> Work to complete
Could you transcribe every record below exactly, leaving out the pictures?

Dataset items
^^^^^^^^

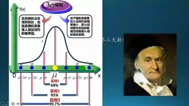 这是标准正态分布。一倍标准差、两倍、三倍的位置对应的面积不同,分别覆盖了68%、95%、99.7%。三倍标准差以外的事件就当作小概率事件,这也是它的定义方式。
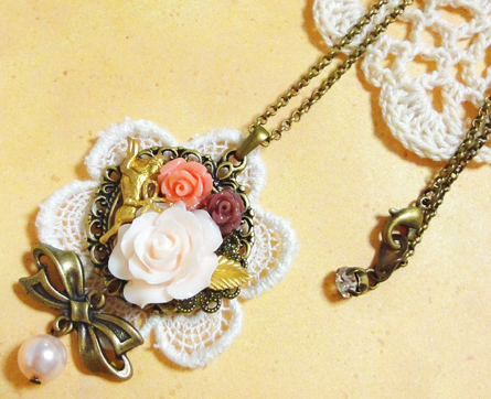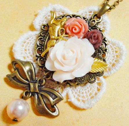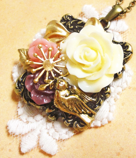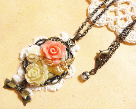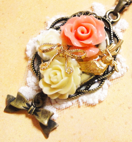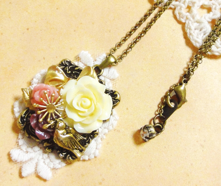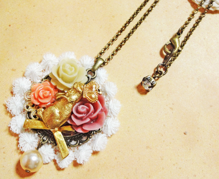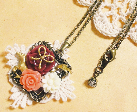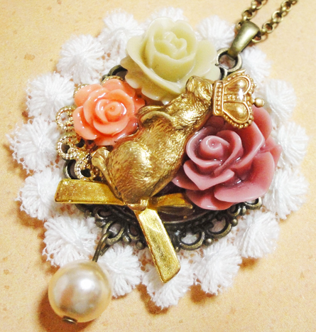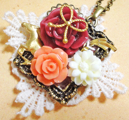 さて、ここ数日新作のバッグチャームやクリップブローチが続きましたが、今日はネックレス紹介です^^中くらいのサイズで、どちらも同じセッティングです。
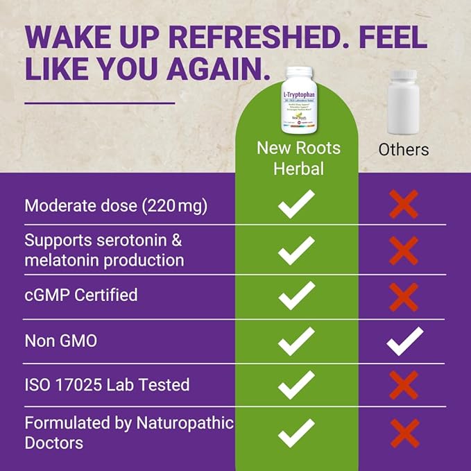 NEW ROOTS HERBAL L-Tryptophan Supplement for Sleep (90 Capsules) 220mg, Herbal Supplement for Healthy Sleep, Mood and Stress Response Support – Gluten-Free, Non-GMO
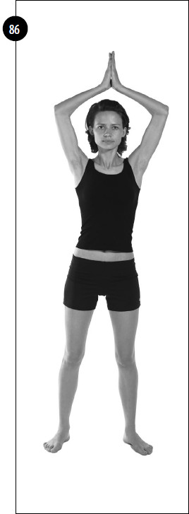Поднимите руки вверх над головой, согните в локтях и соедините ладони, как это показано на рисунке 86. Начинайте давить на ладони достаточно сильно.
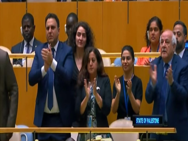 الوفد الفلسطيني في الأمم المتحدة يحتفي بإعلان الرئيس الفرنسي الاعتراف بفلسطين – مصدر الصورة: فيديو لكلمة ماكرون
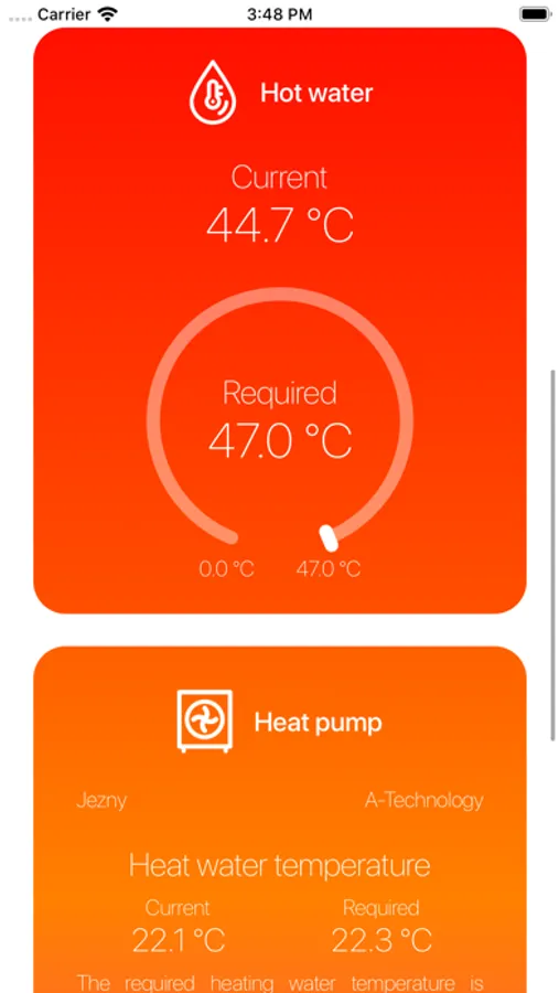Be sure to try a neat widget that shows the current and required temperature, outdoor temperature, hot water temperature and heating water temperature.

^^^^^^^^

> Final answer
 这是标准正态分布。一倍标准差、两倍、三倍的位置对应的面积不同,分别覆盖了68%、95%、99.7%。三倍标准差以外的事件就当作小概率事件,这也是它的定义方式。
 さて、ここ数日新作のバッグチャームやクリップブローチが続きましたが、今日はネックレス紹介です^^中くらいのサイズで、どちらも同じセッティングです。
 NEW ROOTS HERBAL L-Tryptophan Supplement for Sleep (90 Capsules) 220mg, Herbal Supplement for Healthy Sleep, Mood and Stress Response Support – Gluten-Free, Non-GMO
Поднимите руки вверх над головой, согните в локтях и соедините ладони, как это показано на рисунке 86. Начинайте давить на ладони достаточно сильно.
 الوفد الفلسطيني في الأمم المتحدة يحتفي بإعلان الرئيس الفرنسي الاعتراف بفلسطين – مصدر الصورة: فيديو لكلمة ماكرون
Be sure to try a neat widget that shows the current and required temperature, outdoor temperature, hot water temperature and heating water temperature.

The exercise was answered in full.